5.   The registrant's other certifying officers and I have disclosed, based on
     our most recent evaluation, to the registrant's auditors and the audit
     committee of registrant's board of directors (or persons performing the
     equivalent function):

     a.)  All significant deficiencies in the design or operation of internal
          controls which could adversely affect the registrant's ability to
          record, process, summarize and report financial data and have
          identified for the registrant's auditors any material weaknesses in
          internal controls; and

     b.)  Any fraud, whether or not material, that involves management or other
          employees who have a significant role in the registrant's internal
          controls; and

6.   The registrant's other certifying officers and I have indicated in this
     quarterly report whether or not there were significant changes in internal
     controls or in other factors that could significantly affect internal
     controls subsequent to the date of our most recent evaluation, including
     any corrective actions with regard to significant deficiencies and material
     weaknesses.

Date: November 14, 2002


                                       /s/ Richard C. Cary
                                       -----------------------------------------
                                                     Richard C. Cary
                                        Acting Chief Financial Officer and Chief
                                                   Accounting Officer
                                              (principal financial officer)

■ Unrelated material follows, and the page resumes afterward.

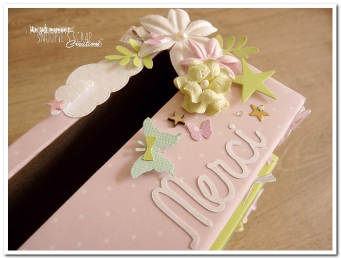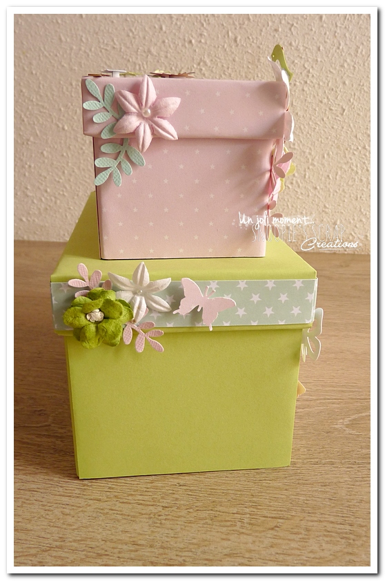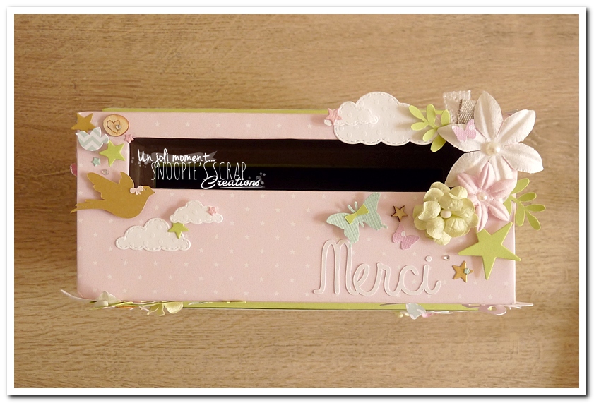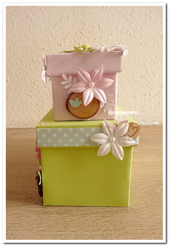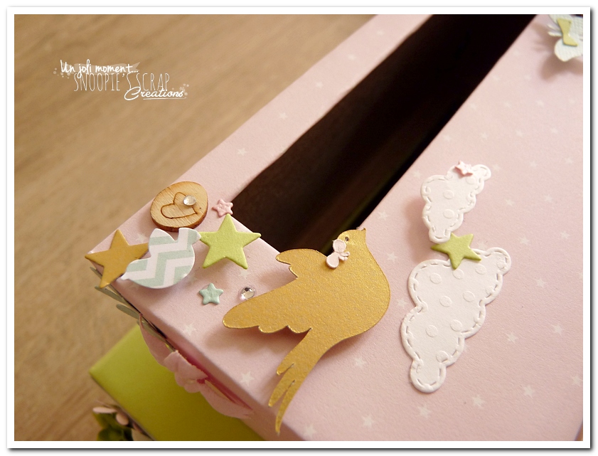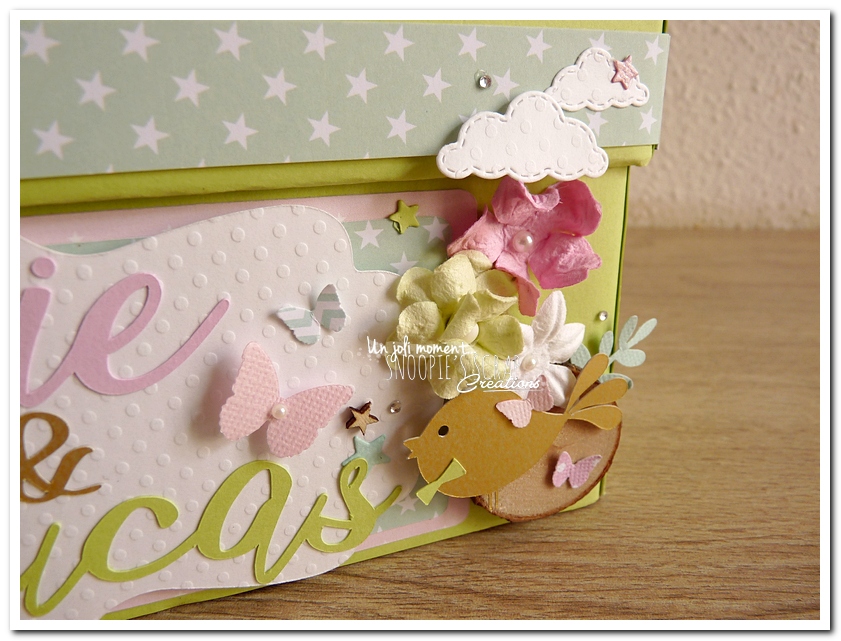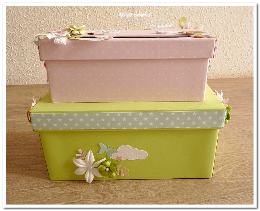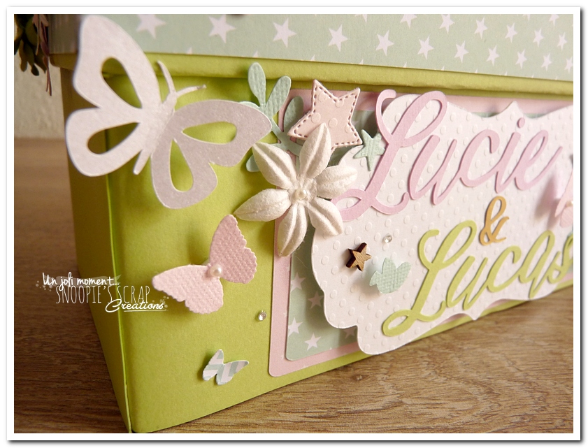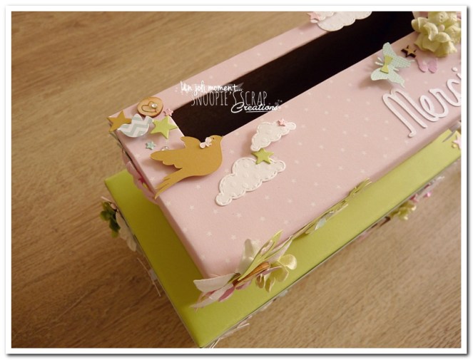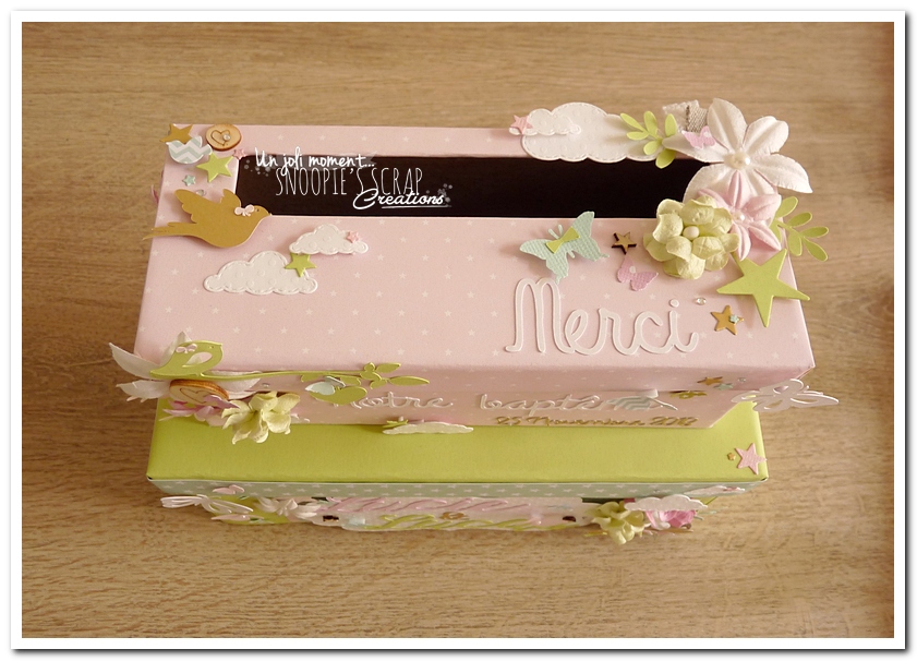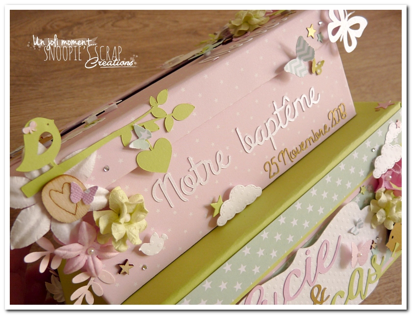 tirelire, boîte à rêves, boîte voyage, urne Baptême, Lucie & Lucas, dentelle,rondin en bois, coeur, kraft, rose, papillons, rubans, fleurs, doux, vert anis, blanc, or, doré, champêtre chic, oiseau, forêt, nature,rectangulaire, double étage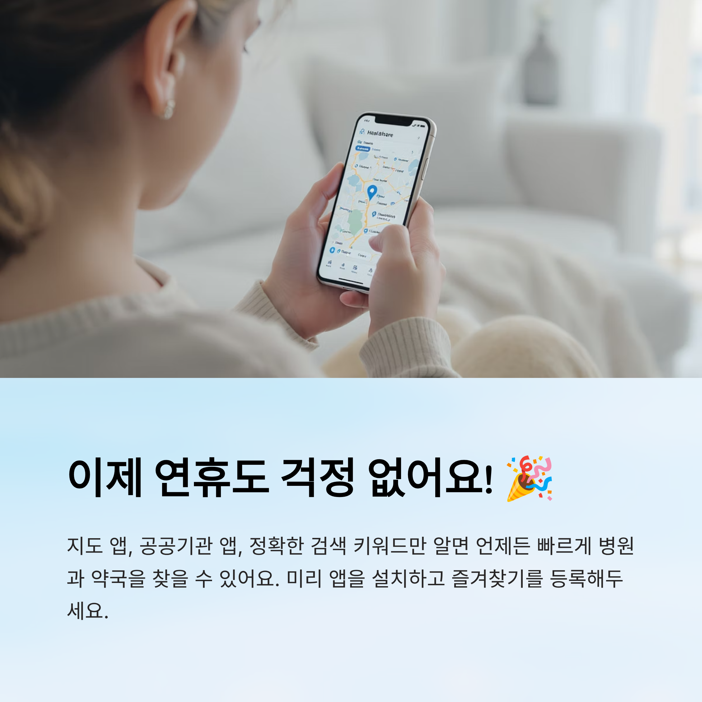 이제부터는 “연휴에 병원 어떻게 찾지?” 고민할 필요 없어요. 이 팁들만 기억해두면 누구보다 빠르게, 남들과는 다르게 약국과 병원을 찾을 수 있어요! ⏱

                                      -32-



                            ARTHUR J. GALLAGHER & CO.

                                  EXHIBIT INDEX


                              
          Exhibit   10.8.8   -   Arthur J. Gallagher & Co. and AJG Financial Services, Inc. Eighth Amendment to Credit
                                 Agreement Dated as of August 29, 2002.

          Exhibit   10.22    -   Employment Agreement dated September 3, 2002 between Gallagher and Michael J. Cloherty.

          Exhibit   15.1     -   Letter re:  unaudited interim financial information.

          Exhibit   99.1     -   Certification of CEO Pursuant to 18 U.S.C. Section 1350, as Adopted Pursuant to Section 906
                                 of the Sarbanes-Oxley Act of 2002.

          Exhibit   99.2     -   Certification of Acting CFO Pursuant to 18 U.S.C. Section 1350, as Adopted Pursuant to
                                 Section 906 of the Sarbanes-Oxley Act of 2002.